** Opening Material for this exercise block **

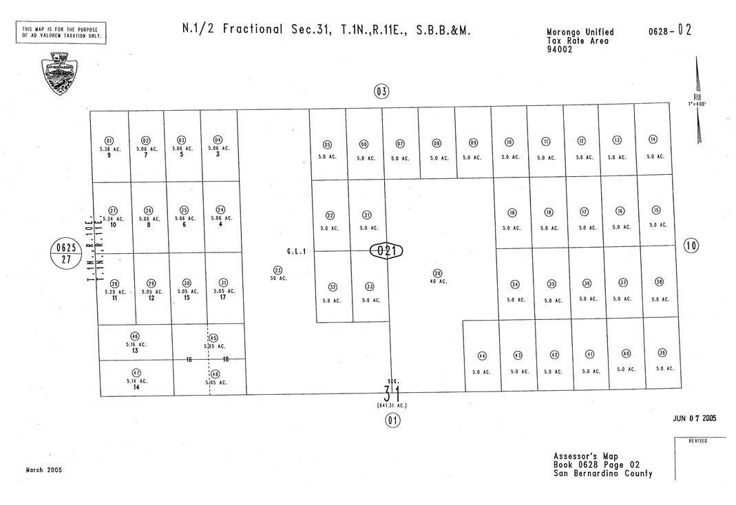 Versatile 5-acre flat parcel (APN #0628-021-40-0000) located just minutes from town, with nearby road access via Sullivan Rd. Utilities are in the area, with electricity at neighboring lots and water reported at depth in the region (buyer to verify availability). Conveniently located across from the national park and near the 29 Palms airport. Buyer to conduct independent investigations regarding zoning, permitted uses, and development potential.
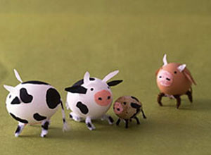 Идея №3: Пасхальные коровки. Берите белые яички для пятнистых коровок и коричневые – для коричневых быков. Перепелиные яйца отлично сгодятся для создания телят. Нарисуйте черным фломастером пятнышки на теле коровки и глазки, розовым – мордочку. Рога и ушки выполняются из белой и черной гофрированной бумаги соответственно, хвостик – также из пряжи. Здесь самое сложное – приделать корове ножки. Для этого возьмите кусочки палочек для чистки трубки и приклейте (или можете воткнуть их в проделанные отверстия, если это только скорлупа) так, чтобы коровка могла на них стоять.
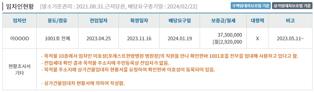 현재 이곳은 대항력이 있는 임차인이 오래전부터 사용을 해왔고 2026년인 2년뒤 까지는 임대사업을 유지하며, 2년뒤 사업을 영위 하는게 좋을것 같다고 판단 됩니다.
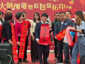 影音/田尾鄉馬上發財大師揮毫 現場烤乳豬與鄉親一起飽足迎新年
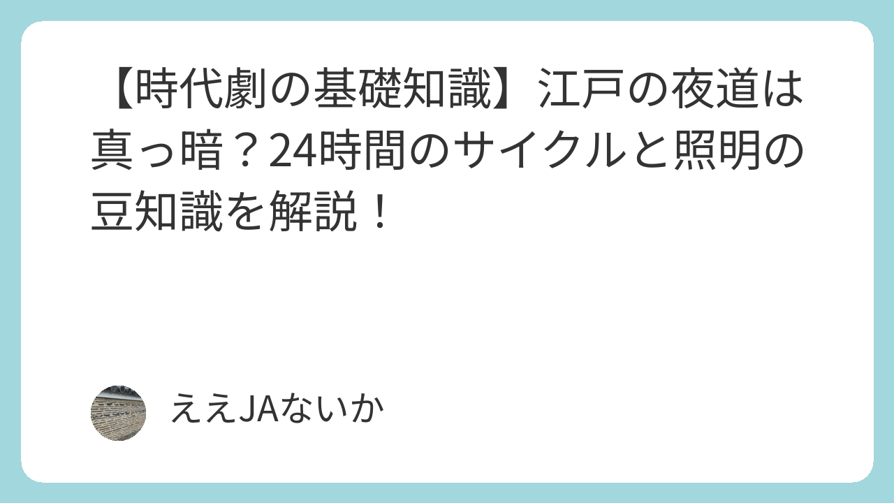 現代の私たちは、街灯やコンビニの明かりで夜でも遠くが見えますが、江戸時代は日が暮れると「一寸先は闇」の状態でした。

** Closing Material for this exercise block **

- What you will do -
Transcribe all the lines above exactly, apart from the pictures.

- Output -
 Versatile 5-acre flat parcel (APN #0628-021-40-0000) located just minutes from town, with nearby road access via Sullivan Rd. Utilities are in the area, with electricity at neighboring lots and water reported at depth in the region (buyer to verify availability). Conveniently located across from the national park and near the 29 Palms airport. Buyer to conduct independent investigations regarding zoning, permitted uses, and development potential.
 Идея №3: Пасхальные коровки. Берите белые яички для пятнистых коровок и коричневые – для коричневых быков. Перепелиные яйца отлично сгодятся для создания телят. Нарисуйте черным фломастером пятнышки на теле коровки и глазки, розовым – мордочку. Рога и ушки выполняются из белой и черной гофрированной бумаги соответственно, хвостик – также из пряжи. Здесь самое сложное – приделать корове ножки. Для этого возьмите кусочки палочек для чистки трубки и приклейте (или можете воткнуть их в проделанные отверстия, если это только скорлупа) так, чтобы коровка могла на них стоять.
 현재 이곳은 대항력이 있는 임차인이 오래전부터 사용을 해왔고 2026년인 2년뒤 까지는 임대사업을 유지하며, 2년뒤 사업을 영위 하는게 좋을것 같다고 판단 됩니다.
 影音/田尾鄉馬上發財大師揮毫 現場烤乳豬與鄉親一起飽足迎新年
 現代の私たちは、街灯やコンビニの明かりで夜でも遠くが見えますが、江戸時代は日が暮れると「一寸先は闇」の状態でした。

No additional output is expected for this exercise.